(Data extract)

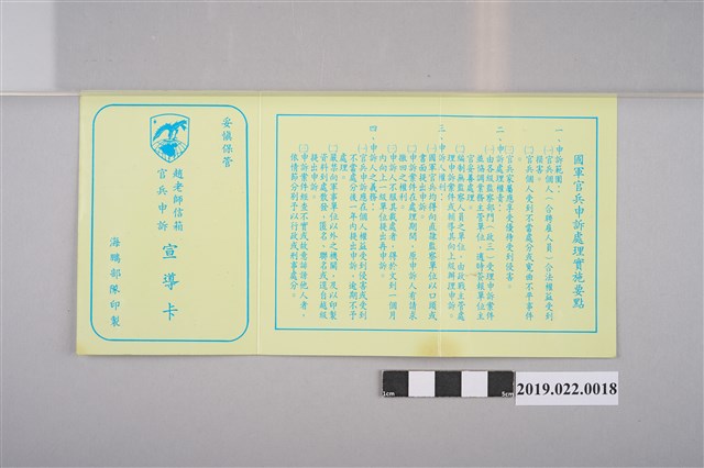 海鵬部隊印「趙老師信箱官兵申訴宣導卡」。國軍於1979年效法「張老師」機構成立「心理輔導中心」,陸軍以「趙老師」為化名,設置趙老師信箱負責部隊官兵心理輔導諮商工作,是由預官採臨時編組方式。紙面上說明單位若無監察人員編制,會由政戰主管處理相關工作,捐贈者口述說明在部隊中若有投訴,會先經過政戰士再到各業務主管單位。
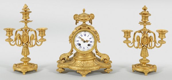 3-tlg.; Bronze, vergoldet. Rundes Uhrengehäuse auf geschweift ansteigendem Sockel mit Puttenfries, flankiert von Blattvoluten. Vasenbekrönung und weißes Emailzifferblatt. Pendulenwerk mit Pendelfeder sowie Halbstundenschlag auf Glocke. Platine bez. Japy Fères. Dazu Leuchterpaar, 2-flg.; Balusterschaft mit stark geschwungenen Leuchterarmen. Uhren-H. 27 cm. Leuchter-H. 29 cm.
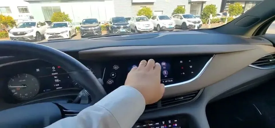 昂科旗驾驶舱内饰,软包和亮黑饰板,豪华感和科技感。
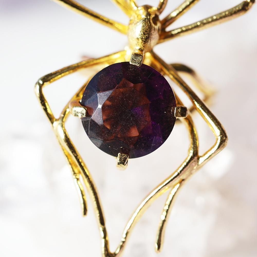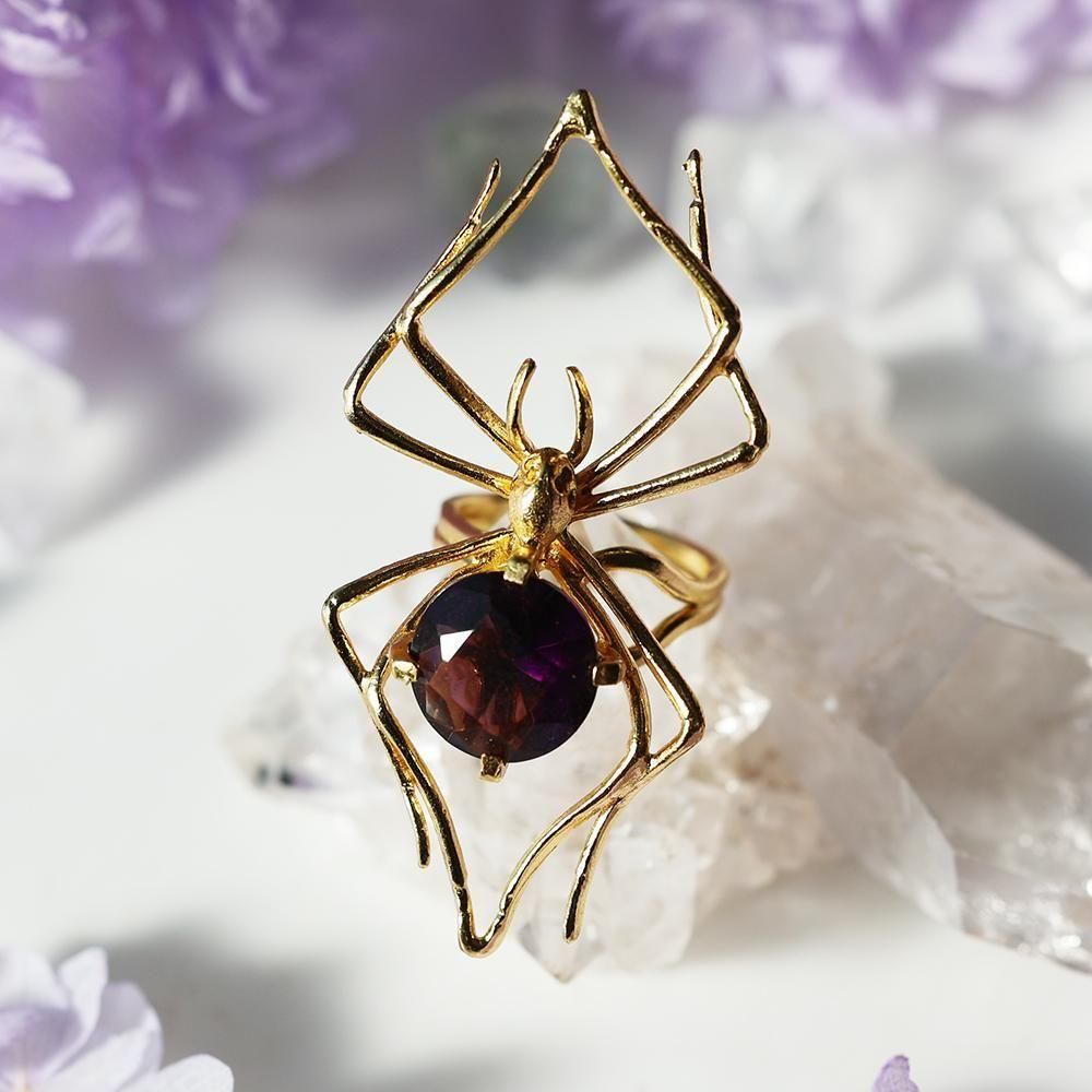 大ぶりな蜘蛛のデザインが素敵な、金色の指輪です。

(End Data extract)

### Exercise:
I'd like the material duplicated exactly, without its pictures.

### Exercise answer:
 海鵬部隊印「趙老師信箱官兵申訴宣導卡」。國軍於1979年效法「張老師」機構成立「心理輔導中心」,陸軍以「趙老師」為化名,設置趙老師信箱負責部隊官兵心理輔導諮商工作,是由預官採臨時編組方式。紙面上說明單位若無監察人員編制,會由政戰主管處理相關工作,捐贈者口述說明在部隊中若有投訴,會先經過政戰士再到各業務主管單位。
 3-tlg.; Bronze, vergoldet. Rundes Uhrengehäuse auf geschweift ansteigendem Sockel mit Puttenfries, flankiert von Blattvoluten. Vasenbekrönung und weißes Emailzifferblatt. Pendulenwerk mit Pendelfeder sowie Halbstundenschlag auf Glocke. Platine bez. Japy Fères. Dazu Leuchterpaar, 2-flg.; Balusterschaft mit stark geschwungenen Leuchterarmen. Uhren-H. 27 cm. Leuchter-H. 29 cm.
 昂科旗驾驶舱内饰,软包和亮黑饰板,豪华感和科技感。
 大ぶりな蜘蛛のデザインが素敵な、金色の指輪です。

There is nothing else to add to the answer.